The Biodynamic Winter Intensives were held at the Nature Institute and Hawthorne Valley Farm during the weeks of February 8-12 and 15-19. Jonathan Code from Crossfields Institute International, based in Stroud in England, joined the faculty for the second of the two weeks. Jonathan co-directs a distance-learning, postgraduate course called Researching Holistic Approaches to Agroecology, which supports research and inquiry into a variety of approaches to land stewardship and social development related to agroecological initiatives. The course currently supports students in Canada, the US, England, Malawi, and Denmark and is enrolling now for the autumn 2016. Biodynamics features as one of the strands of the course.

By Jonathan Code

I landed back in the UK from the recent Hawthorne Valley winter intensives to find a real buzz in the UK biodynamic world sparked by a royal endorsement for biodynamics. HRH Prince Charles recorded a ten-minute video that was shown at an Italian biodynamic conference in mid-February, and links to that video were landing in my inbox from all directions. It is clearly significant when a public figure of this standing speaks openly for biodynamics and acknowledges the importance of Rudolf Steiner’s impetus for a new agriculture and also the current developments in this realm. This is good news.

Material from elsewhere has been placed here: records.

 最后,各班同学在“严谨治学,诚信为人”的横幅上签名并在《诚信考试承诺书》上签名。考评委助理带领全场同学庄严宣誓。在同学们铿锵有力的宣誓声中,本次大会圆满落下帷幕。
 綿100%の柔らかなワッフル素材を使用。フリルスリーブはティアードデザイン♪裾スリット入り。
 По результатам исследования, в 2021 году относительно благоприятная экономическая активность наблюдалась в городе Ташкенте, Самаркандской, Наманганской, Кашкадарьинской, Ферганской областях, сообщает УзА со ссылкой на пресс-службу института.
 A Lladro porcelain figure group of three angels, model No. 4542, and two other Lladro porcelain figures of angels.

It will, however, also be interesting to see what follows from this short video. It has clearly given great encouragement for those working with biodynamics, at least from what I can see here in the UK. It will, of course – due to the speaker’s public profile – also stimulate questions for many people unfamiliar with biodynamics, who may be hearing about it for the first time from this prominent public figure.

What is this thing called biodynamics? Is it a method? A movement? A worldview?

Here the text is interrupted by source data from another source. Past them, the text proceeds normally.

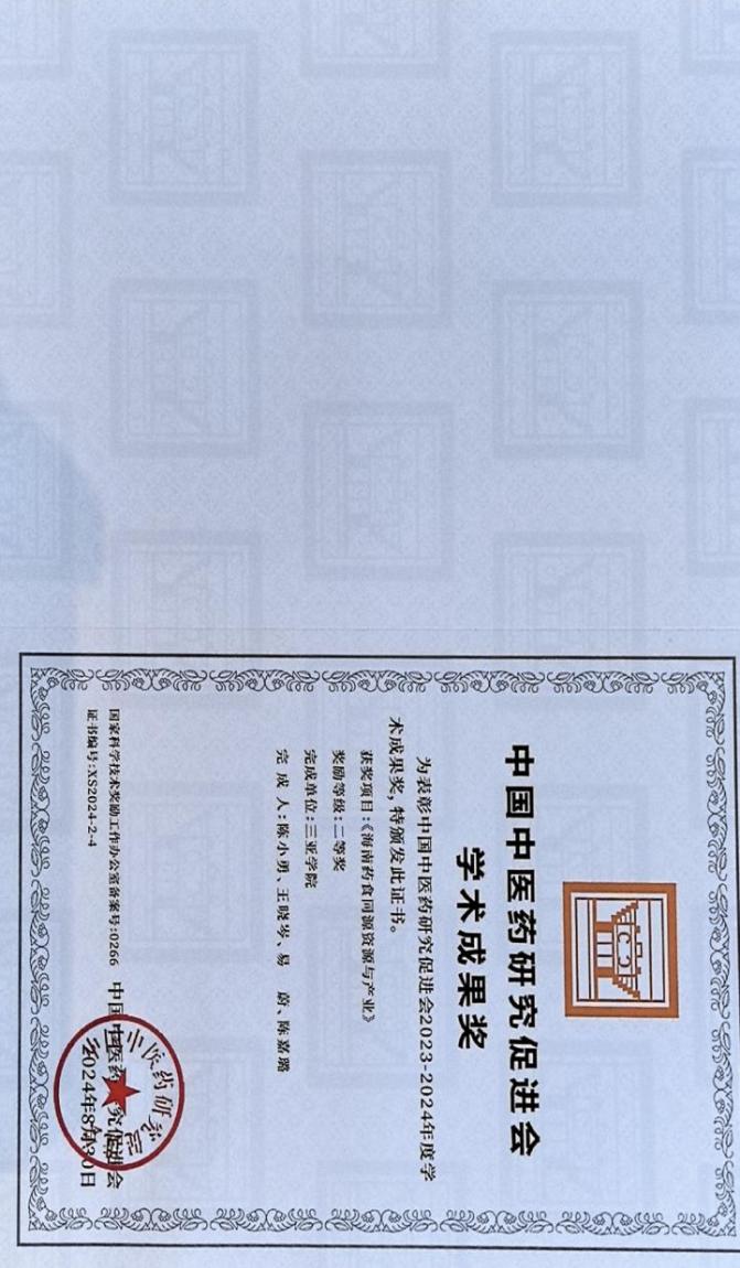大会表彰了2024中国中医药研究促进科技进步奖162项。由公司和兄弟单位协作研发的《海南药食同源资源与产业》荣获2023-2024年度中国中医药研究促进会学术成果奖二等奖。陈小勇经理,王晓岑老师受邀参会、领奖。
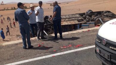 اقليم شيشاوة: 4 قتلى و 53 مصاب في حصيلة أولية لحادثة اصطدام حافلة ركاب مع شاحنة كبيرة الحجم.
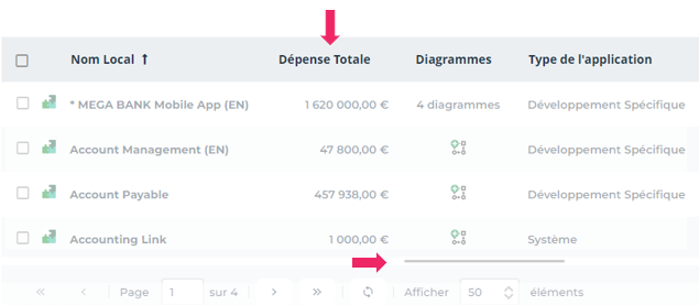 Vous pouvez, par exemple, placer la colonne Dépense Totale directement après Nom Local pour pouvoir la conserver affichée quand vous consultez les autres colonnes. Le curseur de défilement est positionné sous la première colonne après Dépense Totale.

Questions such as these – and many others – arose during the winter intensive from a very dynamic and diverse group of participants, some new to biodynamics and some deeply steeped in its study and practice. Our approach to these questions in the brief week we had together was to allow them to be distilled through facilitated social process, where they were cultivated and nurtured in dialogue and in silent reflection. We pondered the realm of the stars, soils, and plants and their mutual interactions through presentations. We also explored experiential approaches to engaging these subjects through "trying on" different lenses, or ways of knowing, as availed by the alchemical worldview and contemporary holistic perspectives on science.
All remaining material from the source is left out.